Specifically assessed in the child population:

– Encephalopathy and cerebral palsy.

– Disorders of cognitive function.

▪ Learning disabilities (reading, writing and arithmetic).

▪ Mental deficiency.

– Language disorder.

– Disorders of communication and social interaction.

– Motor conduct disorder.

▪ Laterality problems.

▪ Dysgraphia.

▪ Dyspraxia.

▪ Psychomotor instability.

– Behavioural disorders.

▪ Oppositional, defiant, hostile and aggressive behaviour.

▪ Phobias and fears.

▪ Obsessive behaviours and rituals.

▪ Hysterical behaviour.

▪ Attention deficit disorder with hyperactivity.

– Affective disorders.

▪ Depression.

▪ Anguish and anxiety.

– Bladder/bowel control problems.

RETURNING THE INFORMATION:

Once the assessment has been completed, it is necessary to relay the results by means of two procedures:

–       Making a written report.

–       Verbal information to the family and/or the patient.

SETTING GOALS AND THE DEVELOPMENT OF THE INTERVENTION PROGRAMME

Subsequently, the general objectives are established, and the specific initial targets and intervention programme are drafted:

–       Psychological and neuropsychological objectives.

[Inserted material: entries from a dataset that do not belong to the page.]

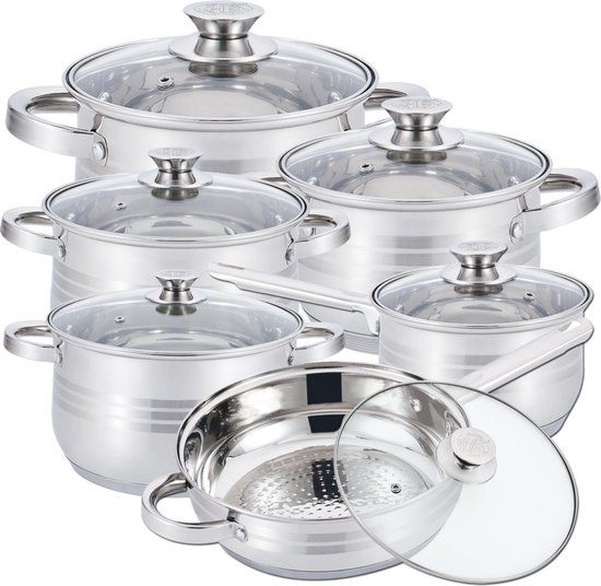 De set is compleet met diverse formaten (12-delig) voor veel kooktaken | Geen specifieke informatie over bodemsamenstelling of warmteverdeling (Niet listed) |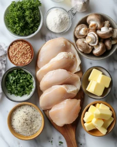 To make this Ultimate Creamy Mushroom Chicken Dinner, gather the following ingredients: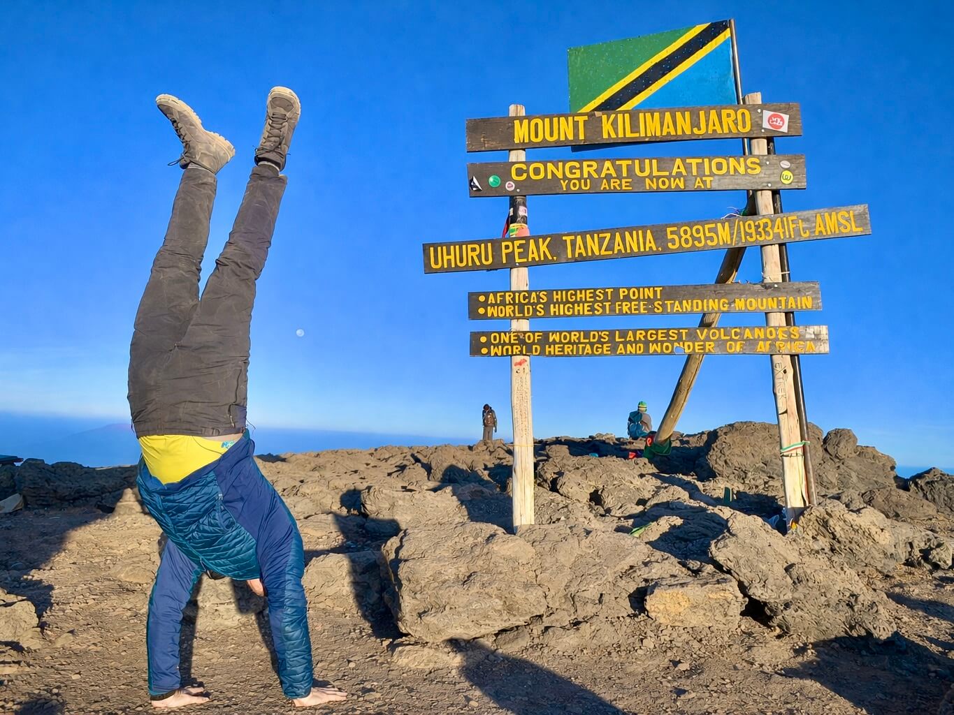Uhuru Peak was different than I expected. As if all I knew was an image of a sign but now the details were filling in with all the surreal views and emotions. It was overwhelming to have all the stress instantly lift and to share that moment with Seán. We took our photos and sat for a while, thanking the guides and taking it in. Both of us celebrate in different ways, me getting my handstand photo and him having a smoke with the two Belgian lads (after considerable trouble getting a lighter to work). It’s not recommended to stay more than 15mins so after clearly breaking that rule we got going.

–       Specific cognitive objectives to be developed during Occupational Therapy.

INTERVENTION 

The next step is intervention, rehabilitation and carrying out the appropriate neuropsychological and psychological treatments, using the wide range of psychotherapeutic techniques and procedures available to adults, adolescents and children.

Establishment of guidelines for the management of the patient by the hospital staff and by the family (behaviour modification programmes, as well as programmes to address aggressiveness, severe memory problems, etc.).

FOLLOW-UP

–          Monitoring of cognitive behavioural progress during the therapeutic process.

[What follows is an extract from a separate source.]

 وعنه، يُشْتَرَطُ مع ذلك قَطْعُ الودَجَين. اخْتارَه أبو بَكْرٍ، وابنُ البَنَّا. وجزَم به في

–          Restructuring of the initial objectives.

–          Drafting of clinical reports on a quarterly basis.

–          Provision of periodic information to the family.

–          Coordination and supervision of occupational therapy.

DISCHARGE

Drafting of clinical reports on treated patients upon discharge, which reflects, in detail, what the psychological or neuropsychological situation is at the point of discharge, as well as establishing certain guidelines.

Duties of the Neurologist

The main objective of the neurologist is to optimize the medical, neurological and behavioural state of the patient.

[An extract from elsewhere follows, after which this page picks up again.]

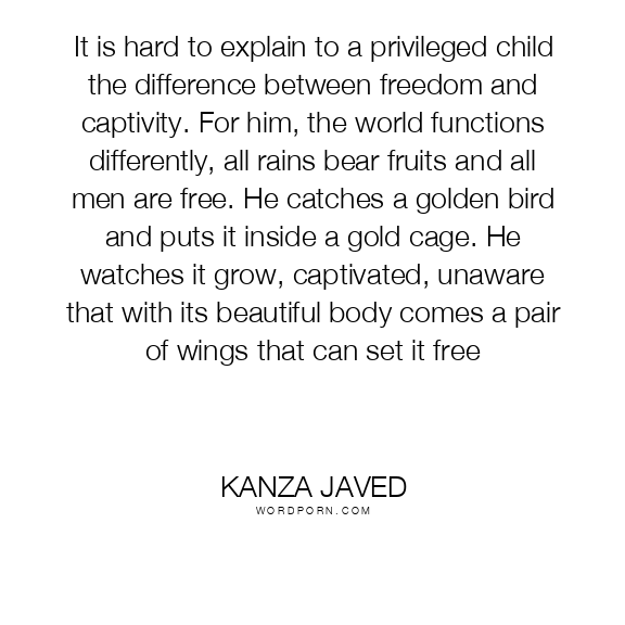 It is hard to explain to a privileged child the difference between freedom and captivity. For him, the world functions differently, all rains bear fruits and all men are free. He catches a golden bird and puts it inside a gold cage. He watches it grow, captivated, unaware that with its beautiful body comes a pair of wings that can set it free

When the patient is admitted, the neurologist is responsible for initially assess the patient, their background and current situation:

  1. Initial assessment of the patient: Through the neurological examination the site of the injury can be determined in order to help direct the most appropriate treatment.  It also identifies the physical , neurological, cognitive and behavioural defects that impair the functional recovery of the patient as well as their ability to perform specific tasks.
  2. Personal history: The neurologist must know the diseases prior to admission, i.e., medical comorbidities that must be treated. Specifically, hypertension, dyslipidemia, diabetes and heart problems.
  3. Assessment of the current situation of the patient with the aim of preventing complications arising as a result of medication, previous diseases and the brain damage. For example, seizures infections (respiratory and urinary), dehydration, fainting, etc.

On admission the pharmacological treatment is monitored and controlled, both neurological and medical. If necessary, diagnostic tests that help in the diagnosis  (analytical, neuroimaging and neurophysiological) or the opinion of a second specialist are sought when associated pathologies so require.

Each week, the neurorehabilitation team meets in a clinical session to discuss the neurorehabilitation objectives of each patient and the progress and obstacles to achieving these goals (for example: pain, depression, spasticity, extrapyramidal effects, cardiovascular instability or breathing).

At the time of hospital discharge, the neurologist assesses the patient’s medical progress and neurological sequelae in order to issue a medical report together with the neurorehabilitation team.